Perhaps the better statement than saying that I believe the pixel-by-pixel method to be accurate for analysis *on any one image* (e.g. versus some other method) may be to say that I trust the pixel-by-pixel method to be robust in principle and accurate in practice when it is used for *comparative* analysis of results from one image versus another.

As time permits, I hope to explore the differences in results between the pixel-by-pixel scan method and ImageLineProfile with a radially defined wave profile. I am certainly intrigued by what might be learned in a side-by-side comparison of results for pixel-by-pixel versus ImageLineProfile using a width=0 as well as in the statistics from ImageLineProfile using a width>0. I am also enticed by the possibility to generate profiles using elliptical or other coordinates as well as to do only partial profiles in angular coordinates.

Thanks!

It seems to me that methods that avoid interpolation cannot be applied to anything but straight (horizontal or vertical) lines.  otherwise you have a tradeoff between interpolating values (bilinear) or deviating from the true mathematical path (Bresenham).  In a way, one can look at this as analogous to trying to draw a nice round circle on a binary image.
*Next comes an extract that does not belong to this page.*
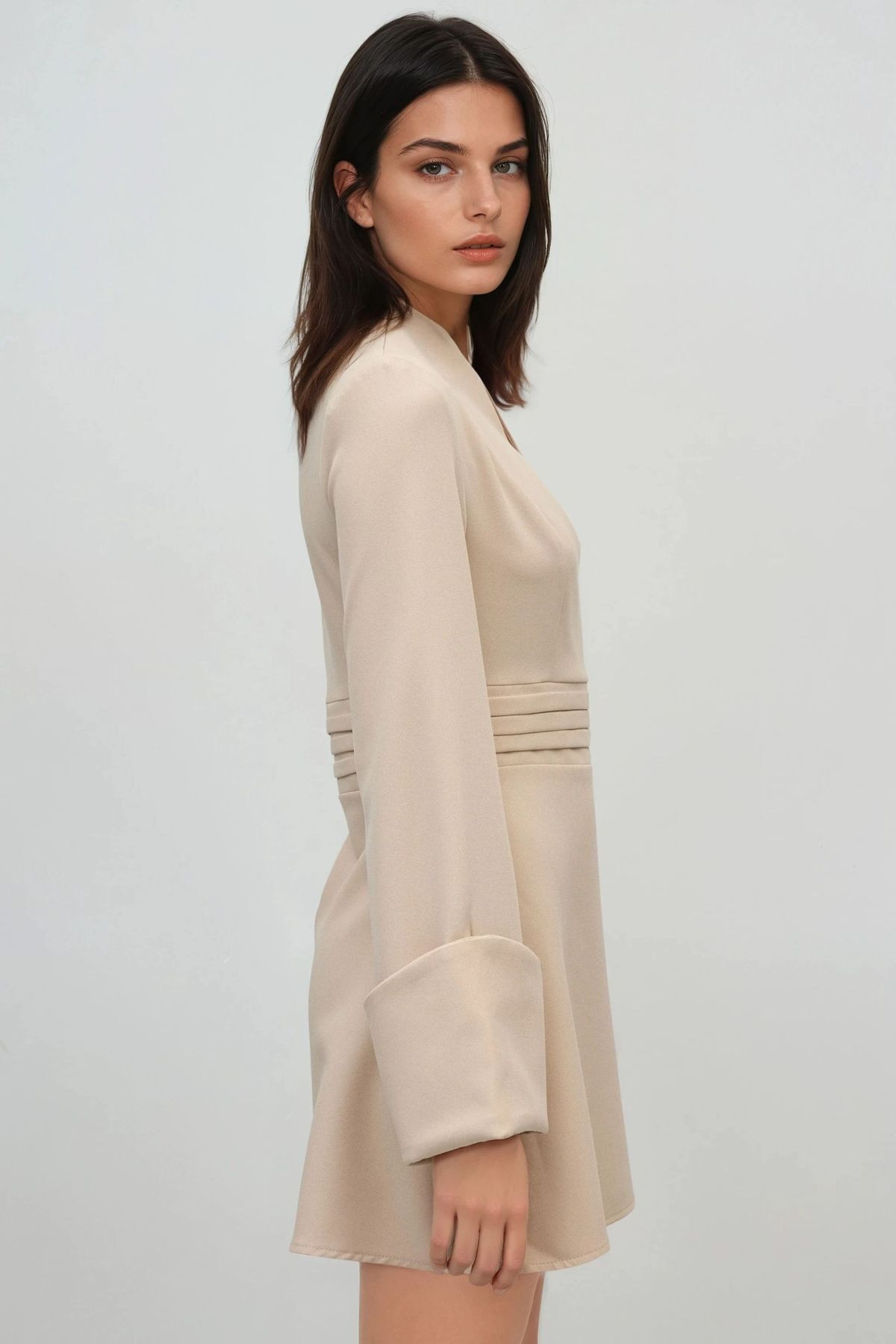 Şık V Yaka Uzun Kollu Mini Elbise Şık V Yaka Uzun Kollu Mini Elbise MB4WI572 XL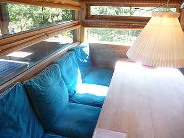 Huset er 60 m² og har tre soveværelser med i alt seks sovepladser. Indretningen er funktionel og hjemlig med internet, brændeovn og et åbent opholdsrum, hvor man kan samle sig om måltider eller afslapning efter en dag ved vandet. Stuen vender mod mosen og får masser af dagslys.

I would be interested in any insights you might have on ImageLineProfile.

AG

Here is an updated version. 

* Method = 1 - Pixel by Pixel with Linear Interpolation
* Method = 2 - Pixel by Pixel with Quadratic Interpolation
* Method = 3 - Radial Wave Profile with ImageLineProfile

Function CreateRadialProfile(simg, cx, cy, rmax, method)
    wave simg
    variable cx, cy, rmax, method
   
    variable ix, iy, ixmax, iymax, rpos, rposf, rposc, pmax, wfc
    variable ic, r360, dnT, npts
   
    Make/D/O/N=(rmax+1) M_RadialProfile=0, M_RadialProfileWeights=0, M_RadialFluxProfile=0
    variable/G V_TotalArea, V_TotalIntensity
    V_TotalArea = 0; V_TotalIntensity = 0
   
    if (method == 3)
        make/FREE/D/N=(1) xWave = 0, yWave = 0
        r360 = ceil(360/(2*Pi))
        for (ic=1;ic<rmax+1;ic+=1)
            npts = round(360*ic/r360) + 1
            redimension/N=(npts) xWave, yWave
            dnT = 360/npts
            xWave = cx + ic*cos((0 + p*dnT)*Pi/180)
            yWave = cy + ic*sin((0 + p*dnT)*Pi/180)
            ImageLineProfile xWave=xWave, yWave=yWave, srcwave=simg
            wave W_ImageLineProfile
            M_RadialProfile[ic] = sum(W_ImageLineProfile)
            M_RadialProfileWeights[ic] = numpnts(W_ImageLineProfile)
        endfor
        M_RadialProfileWeights[0] = 1
        M_RadialProfile[0] = simg[cx][cy]
        M_RadialFluxProfile = M_RadialProfile/M_RadialProfileWeights
        V_TotalArea = sum(M_RadialProfileWeights)
        V_TotalIntensity = sum(M_RadialProfile)
        KillWaves/Z W_ImageLineProfile, W_LineProfileDisplacement, W_LineProfileX, W_LineProfileY
        return 0
    else   
       ixmax = rmax
       // outer sum over x
        for (ix=1-ixmax; ix<ixmax; ix+=1)
            // bound y by current x
            iymax = floor(sqrt(rmax^2 - ix^2))
            // inner sum over y
            for (iy=1-iymax; iy<iymax; iy+=1)
                rpos = sqrt(ix^2 + iy^2)
                // split value between the two closest points in the radial profile wave
                rposf = floor(rpos)
                rposc = ceil(rpos)
                switch(method)
                    case 1:     // linear interpolation
                        wfc = rposc - rpos
                        break
                    case 2:
                        wfc = (rposc^2 - rpos^2)/(rposc^2 - rposf^2)
                        wfc = numtype(wfc) == 2 ? 1 : wfc
                        break
                endswitch
                // fill the weighting array
                M_RadialProfileWeights[rposf]+= (1 - wfc)
                M_RadialProfileWeights[rposc]+= wfc
                // fill the profile array
             M_RadialProfile[rposf] += simg[cx+ix][cy+iy]*(1 - wfc)
             M_RadialProfile[rposc] += simg[cx+ix][cy+iy]*wfc                
             // add to the total area and total intensity
             V_TotalArea += 1
             V_TotalIntensity += simg[cx+ix][cy+iy]    
            endfor
        endfor
        // generate normalize profile
        M_RadialFluxProfile = M_RadialProfile/M_RadialProfileWeights
    endif
    return 0
end

Notes

* The three methods give comparable (nearly identical) results for the M_RadialFluxProfile result. I have not clocked the methods for time comparisons.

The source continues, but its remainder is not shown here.